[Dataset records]
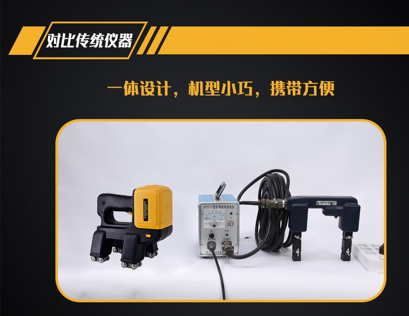 1、一体式旋转磁场探伤仪,专为便携式设计,无需外接220V电源,交叉磁轭与电源直接对接后即可产生旋转磁场,配有两组快捷拆换电源,一用一备续航时间更长;
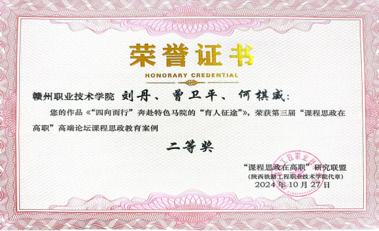 为深入学习贯彻习近平总书记关于学校思政课建设的重要指示精神和党的二十大及二十届三中全会精神和全国教育大会精神。近日,在陕西省渭南市举行的“课程思政在高职”研究联盟第三届“课程思政在高职”高端论坛上,来自全国各地的思政教育工作者齐聚一堂,共同探讨课程思政在高等职业教育中的创新与实践。经过评审,德赢官网提交的特色案例《“四向而行”奔赴特色马院的“育人征途”》脱颖而出,荣获本次论坛课程思政教育案例二等奖。德赢官网思政课教师代表刘丹作为获奖代表参会。
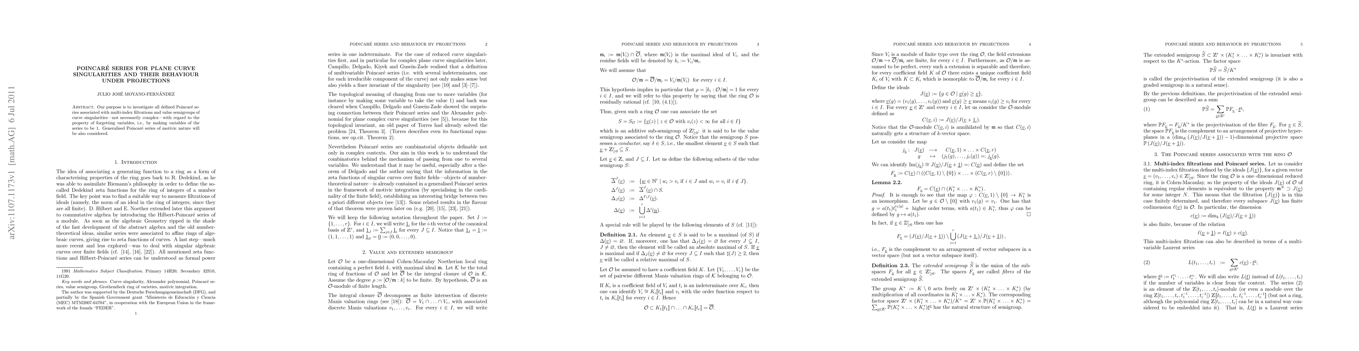 This paper explores the Poincar\'e series linked to plane curve singularities, focusing on their behavior under variable projection, including generalized motivic series and multi-index filtrations. It examines how these series change when variables are set to 1.
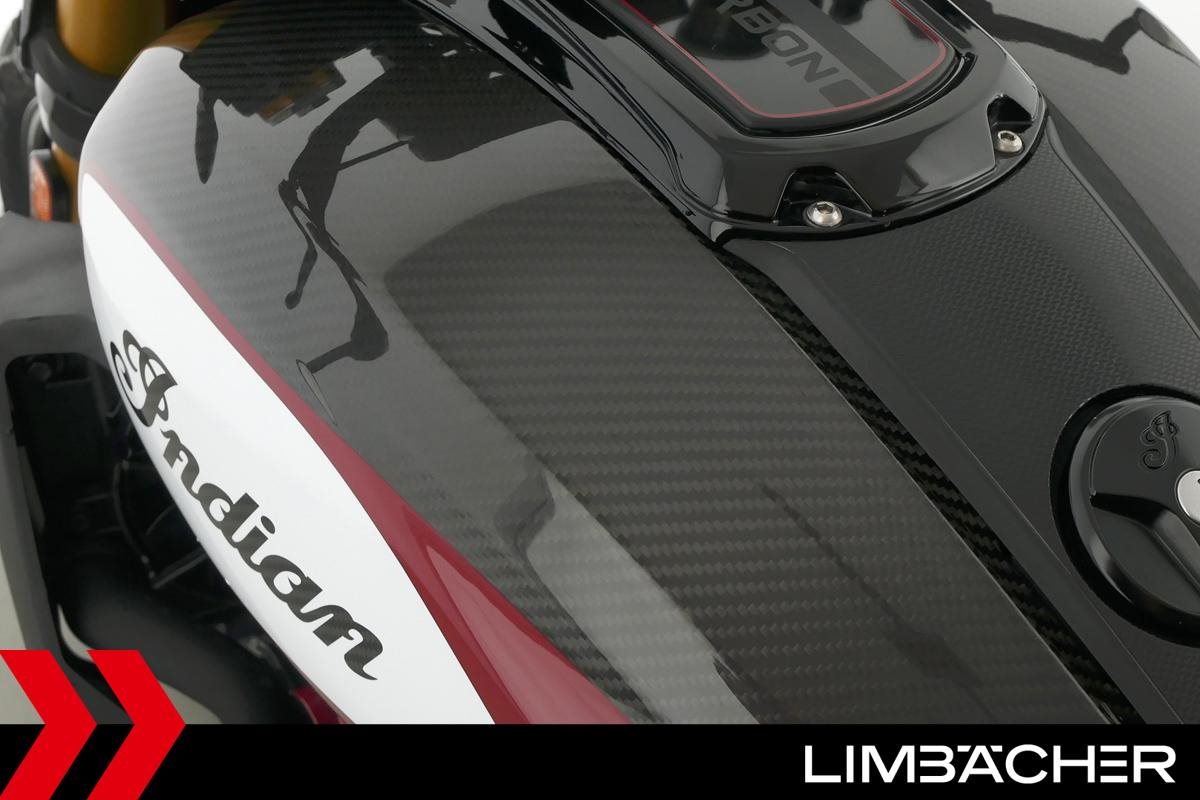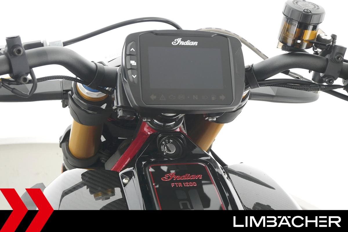 Eine scheckheftgepflegte Indian FTR 1200 S Carbon aus zweiter Hand in sehr gepflegtem Zustand u.a. mit Akrapovic-Endschalldämpfer sowie Carbon-Teilen.
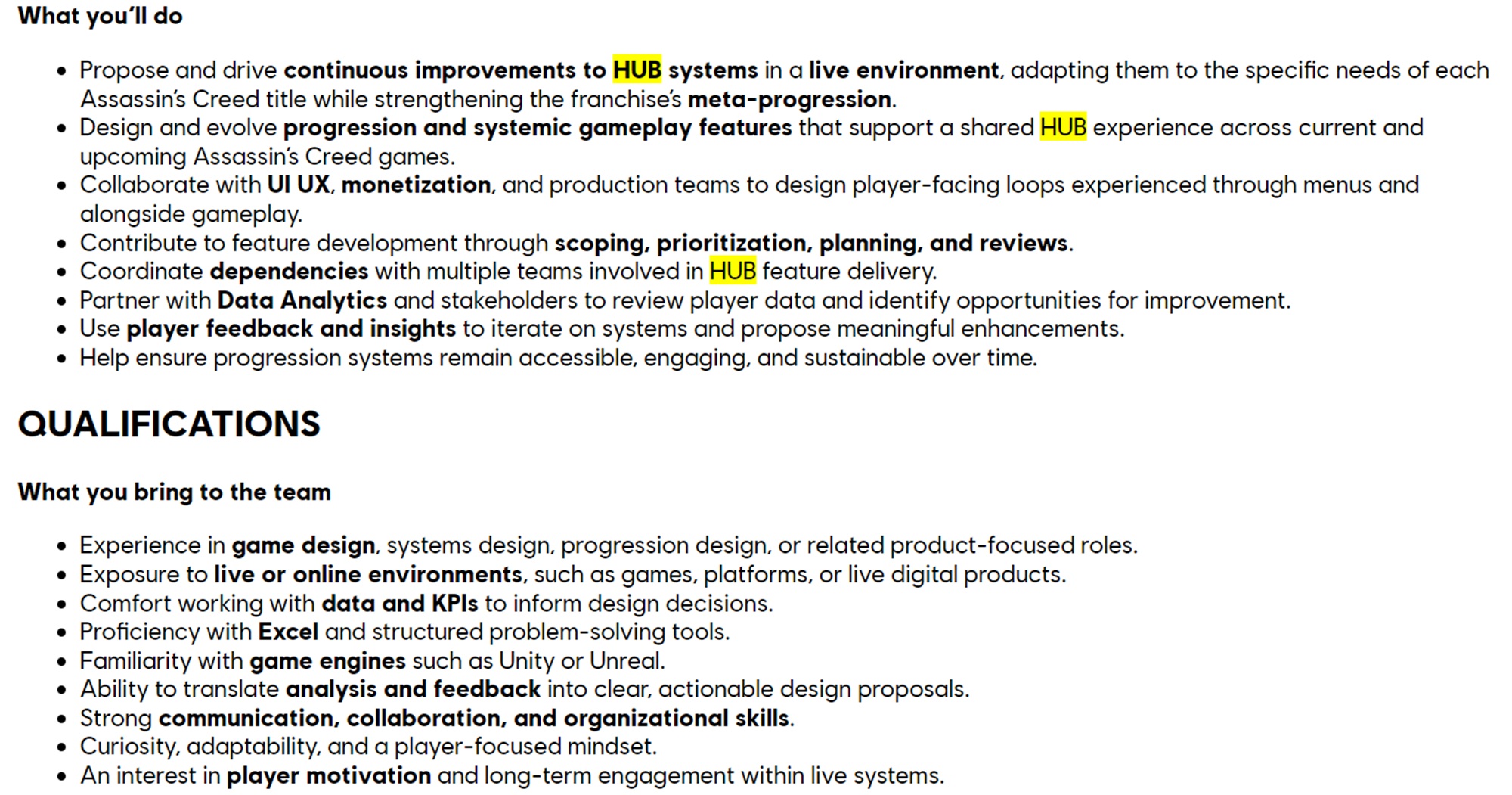 Baseado na cidade de Quebec, o desenvolvedor otimizaria a progressão e os sistemas nos jogos Assassin's Creed. Fazendo referência ao lançador Animus Hub, que conecta vários títulos, o anúncio de emprego pede "melhorias contínuas nos sistemas HUB em um ambiente ao vivo"
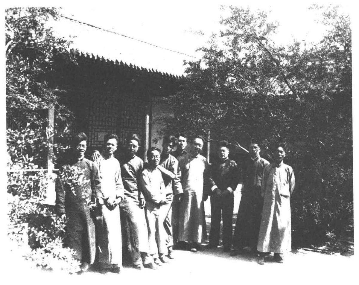 1935年春,考古组同人在安阳袁家花园合影:左起王湘、胡厚宣、李光宇、祁延霈、刘燿(尹达)、梁思永、李济、尹焕章、夏鼐、石璋如。

__Exercise requirements__
Quote, word for word and nothing more, every line from the line with "Baseado na cidade" to the end of the entries, including both ends; skip any pictures.

__Result of this exercise__
 Baseado na cidade de Quebec, o desenvolvedor otimizaria a progressão e os sistemas nos jogos Assassin's Creed. Fazendo referência ao lançador Animus Hub, que conecta vários títulos, o anúncio de emprego pede "melhorias contínuas nos sistemas HUB em um ambiente ao vivo"
 1935年春,考古组同人在安阳袁家花园合影:左起王湘、胡厚宣、李光宇、祁延霈、刘燿(尹达)、梁思永、李济、尹焕章、夏鼐、石璋如。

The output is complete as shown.